The standard 6T SRAM cell is shown in the Fig. 1. Which is basically used to store the data this is compared with proposed architecture how power is reduced by applying low voltage for lower order bits and nominal voltage for higher order bits, using switching transistors. The proposed SRAM architecture is implemented for write and read respectively.

1. Proposed architecture for write operation

The proposed SRAM architecture for write operation is shown in the Fig. 8. SRAM Array 8x8 which consist of 8 cells is used to store 8 bits of data. In this architecture we use PMOS (PM0 – PM7) which acts as a switch. when select line which is connected to gate of PMOS is zero the pmos will be on and power supply will be connected to that bitcell. So, higher order bits is applied to nominal voltage and lower order bits is applied with low voltage. Through the signal VDD_SW<6:0>. The power consumption for lower order bits will be reduced. In write circuitry data is written into the bitcells of SRAM array 8x8 is through three NMOS transistors (NM0 – NM1). The input data will be D, D_BAR & WRITE. Where D and D_BAR are data signal and WRITE is control signal. The BL and BL_B signals of each bitcell of SRAM array 8x8 is precharged through bitline precharge circuitry as shown in Fig. 4.
2. Proposed architecture for read operation

The proposed SRAM architecture for read operation is shown in the Fig. 9. The power supply switching activity to the SRAM Array 8x8 is same as given in write operation.
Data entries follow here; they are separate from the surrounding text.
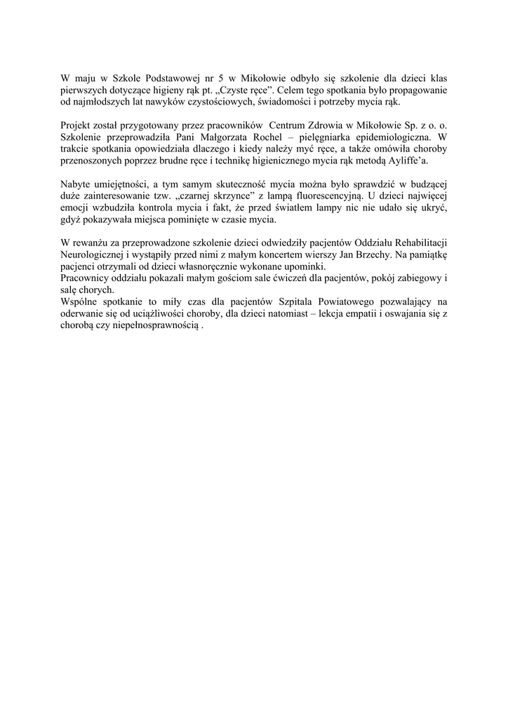 W maju w Szkole Podstawowej nr 5 w Mikołowie odbyło się szkolenie dla dzieci klas pierwszych dotyczące higieny rąk pt. „Czyste ręce”. Celem tego spotkania było propagowanie od najmłodszych lat nawyków czystościowych, świadomości i potrzeby mycia rąk. Projekt został przygotowany przez pracowników Centrum Zdrowia w Mikołowie Sp. z o. o. Szkolenie przeprowadziła Pani Małgorzata Rochel – pielęgniarka epidemiologiczna. W trakcie spotkania opowiedziała dlaczego i kiedy należy myć ręce, a także omówiła choroby przenoszonych poprzez brudne ręce i technikę higienicznego mycia rąk metodą Ayliffe’a. Nabyte umiejętności, a tym samym skuteczność mycia można było sprawdzić w budzącej duże zainteresowanie tzw. „czarnej skrzynce” z lampą fluorescencyjną. U dzieci najwięcej emocji wzbudziła kontrola mycia i fakt, że przed światłem lampy nic nie udało się ukryć, gdyż pokazywała miejsca pominięte w czasie mycia. W rewanżu za przeprowadzone szkolenie dzieci odwiedziły pacjentów Oddziału Rehabilitacji Neurologicznej i wystąpiły przed nimi z małym koncertem wierszy Jan Brzechy. Na pamiątkę pacjenci otrzymali od dzieci własnoręcznie wykonane upominki. Pracownicy oddziału pokazali małym gościom sale ćwiczeń dla pacjentów, pokój zabiegowy i salę chorych. Wspólne spotkanie to miły czas dla pacjentów Szpitala Powiatowego pozwalający na oderwanie się od uciążliwości choroby, dla dzieci natomiast – lekcja empatii i oswajania się z chorobą czy niepełnosprawnością .
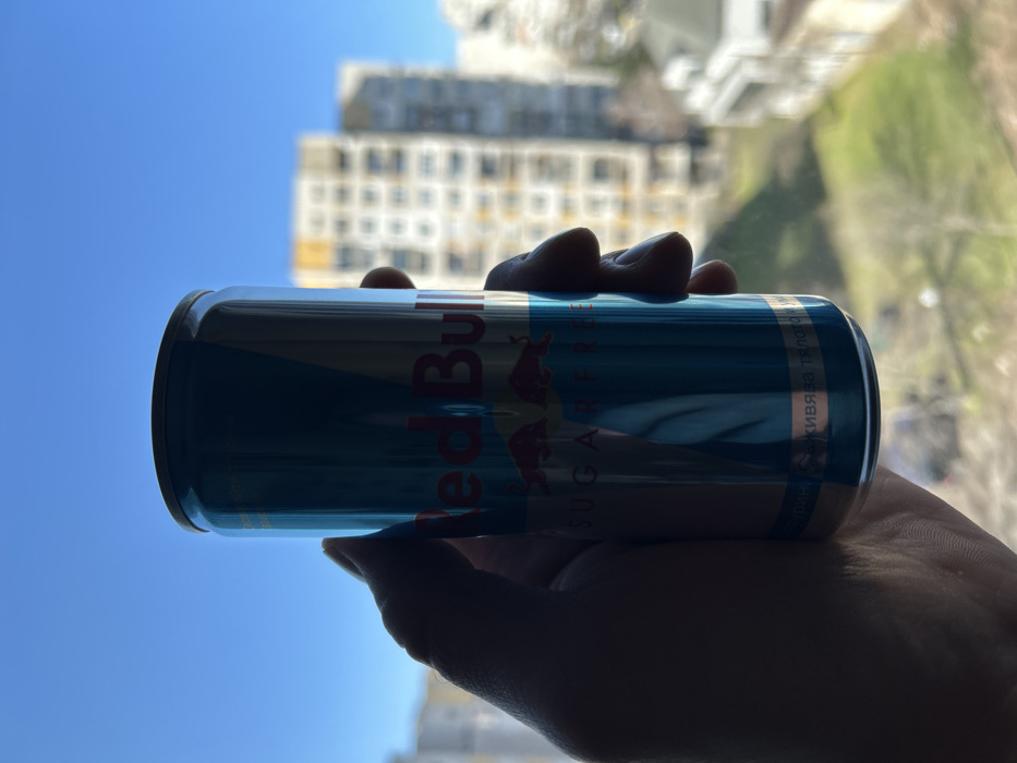 - "A human hand, silhouetted against a bright sky, is observed holding a Red Bull Sugar Free energy drink can" by FM-lzWJB3, licensed under CC BY 4.0
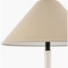 - Materials: Body: Resin; Shade (Outside): Linen; Shade (Inside): Plastic; Finial: Iron
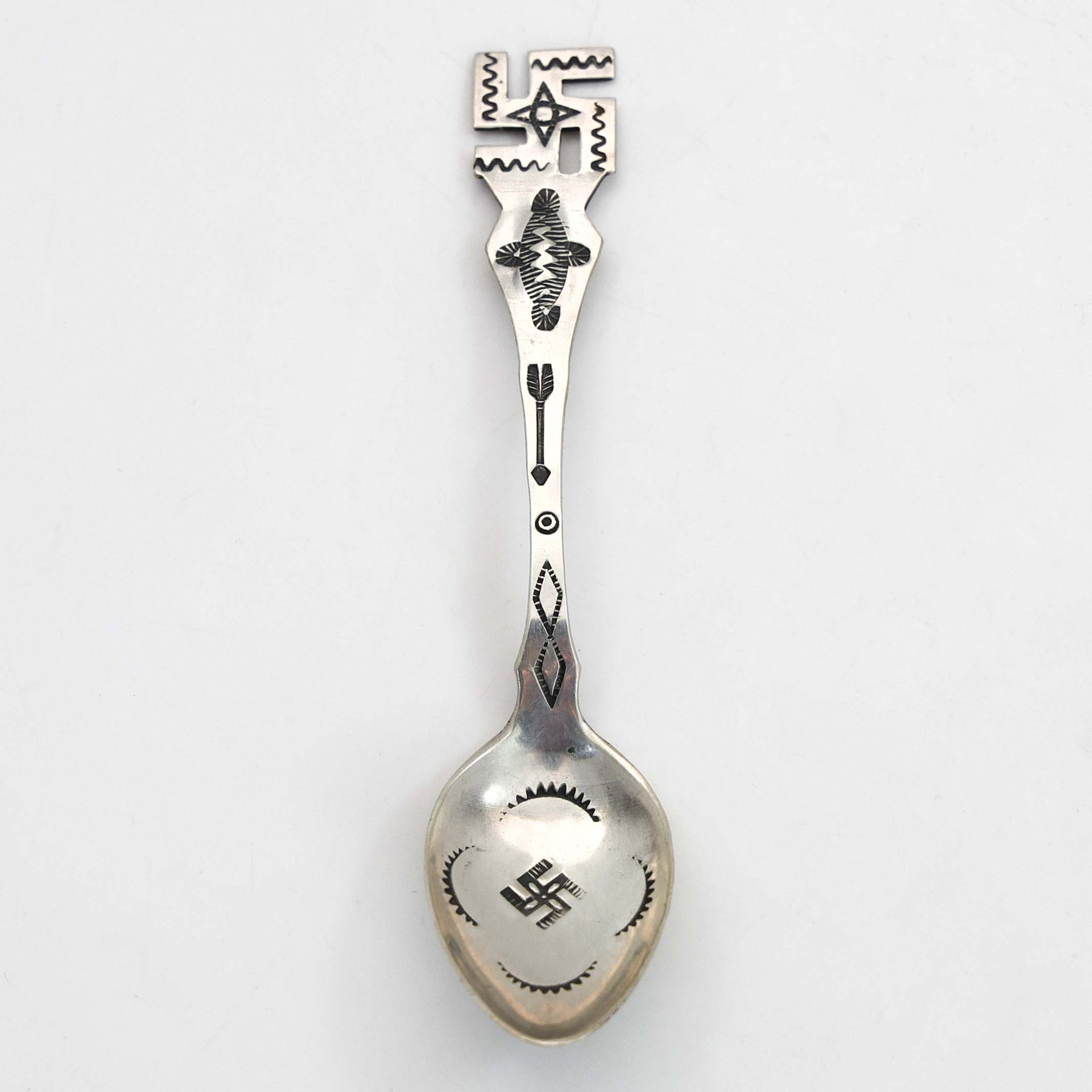 1930s Navajo Fred Harvey Era Sterling Silver Spoon with Hand-Stamped Whirling Log Designs.
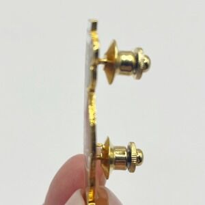 In excellent pre-owned vintage condition with very minor scratches to enamel. Just under 2” tall Brown Bear in Red Suit. Double pin back.
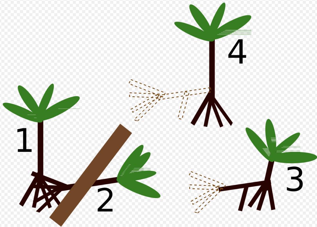 Bodley的理论是,当一棵棕榈树被压到后,它可能会按照图示的顺序长出根,看起来就像是“移动”了|Wiki

The bitlines of each cells of SRAM Array 8x8 is precharged by bitline precharge circuit (BLPC_CKT). In read operation data is sensed by the sense amplifier along with D-Latch circuit. The MUX used is the line to line MUX. To pass the signal from SRAM Array 8x8 to Sense Amplifier and MBLPC_CKT. The MBLPC_CKT is required for precharging the bitlines of the selected cell of the array. The sense Amplifier detects the data or the selected cell when enabled by the SAEN signal.

Normally in basic SRAM cell only single power supply (constant) value is applied. Where as in proposed architecture switching power supplies with eight transistors applied with eight different voltages that is low voltage for lower order bits and high voltage for higher order bits. So, the part of the power required for lower order bits in the image pixels which is applied with low voltage can be saved in comparison with standard SRAM Array.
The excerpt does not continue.